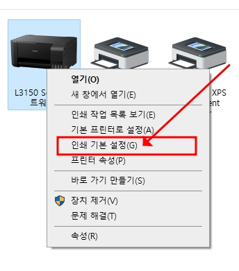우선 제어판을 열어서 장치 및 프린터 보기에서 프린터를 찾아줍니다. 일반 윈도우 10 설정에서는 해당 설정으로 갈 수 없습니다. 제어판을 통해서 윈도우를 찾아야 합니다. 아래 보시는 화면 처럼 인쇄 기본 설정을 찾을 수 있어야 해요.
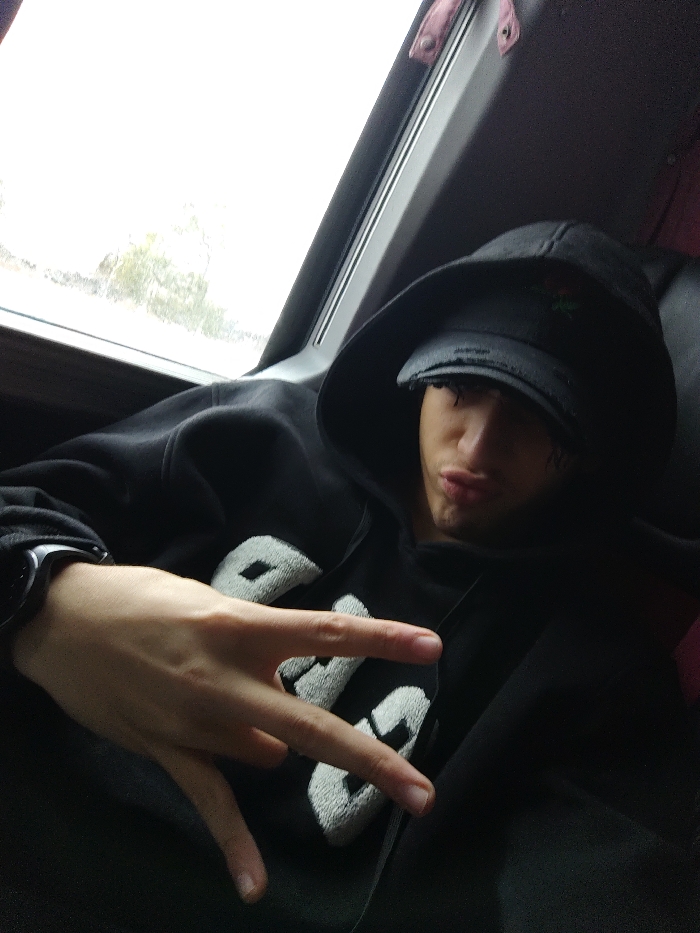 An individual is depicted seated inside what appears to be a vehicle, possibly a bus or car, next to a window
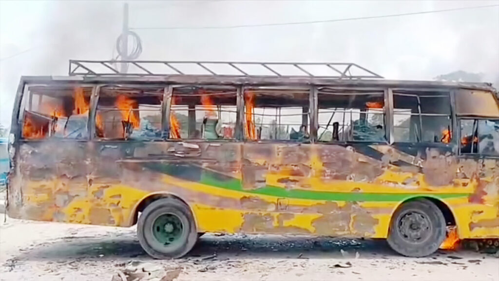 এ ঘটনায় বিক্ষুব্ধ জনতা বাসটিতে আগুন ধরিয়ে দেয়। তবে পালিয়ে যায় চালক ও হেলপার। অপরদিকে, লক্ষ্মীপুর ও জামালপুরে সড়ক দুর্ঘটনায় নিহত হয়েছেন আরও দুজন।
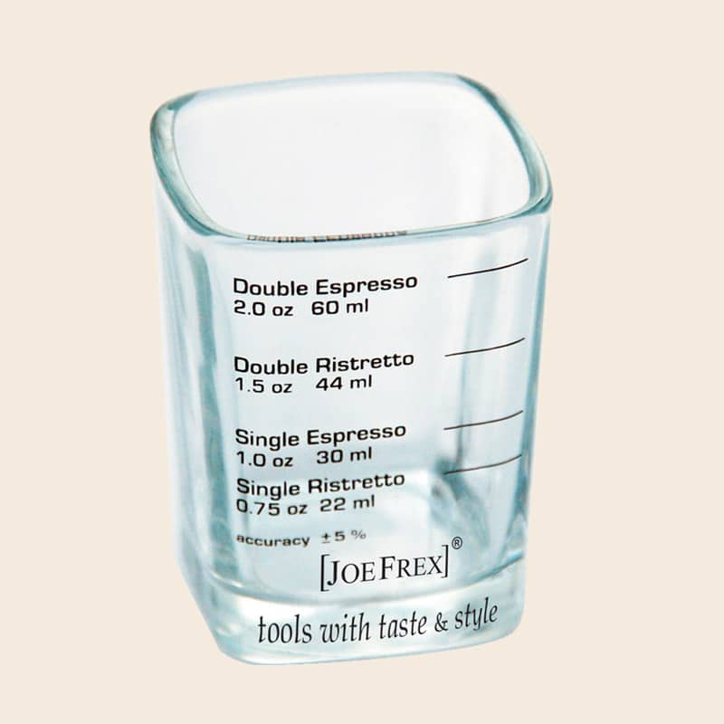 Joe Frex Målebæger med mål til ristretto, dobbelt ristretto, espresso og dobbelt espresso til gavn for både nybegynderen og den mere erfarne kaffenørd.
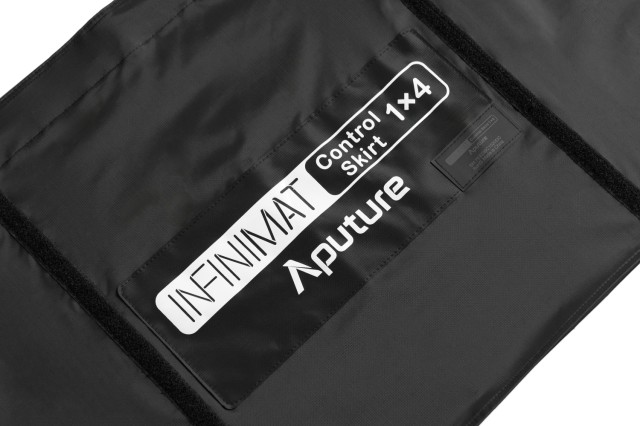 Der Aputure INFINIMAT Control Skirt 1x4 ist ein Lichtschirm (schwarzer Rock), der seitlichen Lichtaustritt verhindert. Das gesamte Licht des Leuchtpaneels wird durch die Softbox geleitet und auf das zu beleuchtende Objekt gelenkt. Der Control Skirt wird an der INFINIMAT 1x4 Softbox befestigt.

# REQUIREMENT:
Each record above needs to be retyped exactly, without any pictures.

# YOUR RESPONSE:
우선 제어판을 열어서 장치 및 프린터 보기에서 프린터를 찾아줍니다. 일반 윈도우 10 설정에서는 해당 설정으로 갈 수 없습니다. 제어판을 통해서 윈도우를 찾아야 합니다. 아래 보시는 화면 처럼 인쇄 기본 설정을 찾을 수 있어야 해요.
 An individual is depicted seated inside what appears to be a vehicle, possibly a bus or car, next to a window
 এ ঘটনায় বিক্ষুব্ধ জনতা বাসটিতে আগুন ধরিয়ে দেয়। তবে পালিয়ে যায় চালক ও হেলপার। অপরদিকে, লক্ষ্মীপুর ও জামালপুরে সড়ক দুর্ঘটনায় নিহত হয়েছেন আরও দুজন।
 Joe Frex Målebæger med mål til ristretto, dobbelt ristretto, espresso og dobbelt espresso til gavn for både nybegynderen og den mere erfarne kaffenørd.
 Der Aputure INFINIMAT Control Skirt 1x4 ist ein Lichtschirm (schwarzer Rock), der seitlichen Lichtaustritt verhindert. Das gesamte Licht des Leuchtpaneels wird durch die Softbox geleitet und auf das zu beleuchtende Objekt gelenkt. Der Control Skirt wird an der INFINIMAT 1x4 Softbox befestigt.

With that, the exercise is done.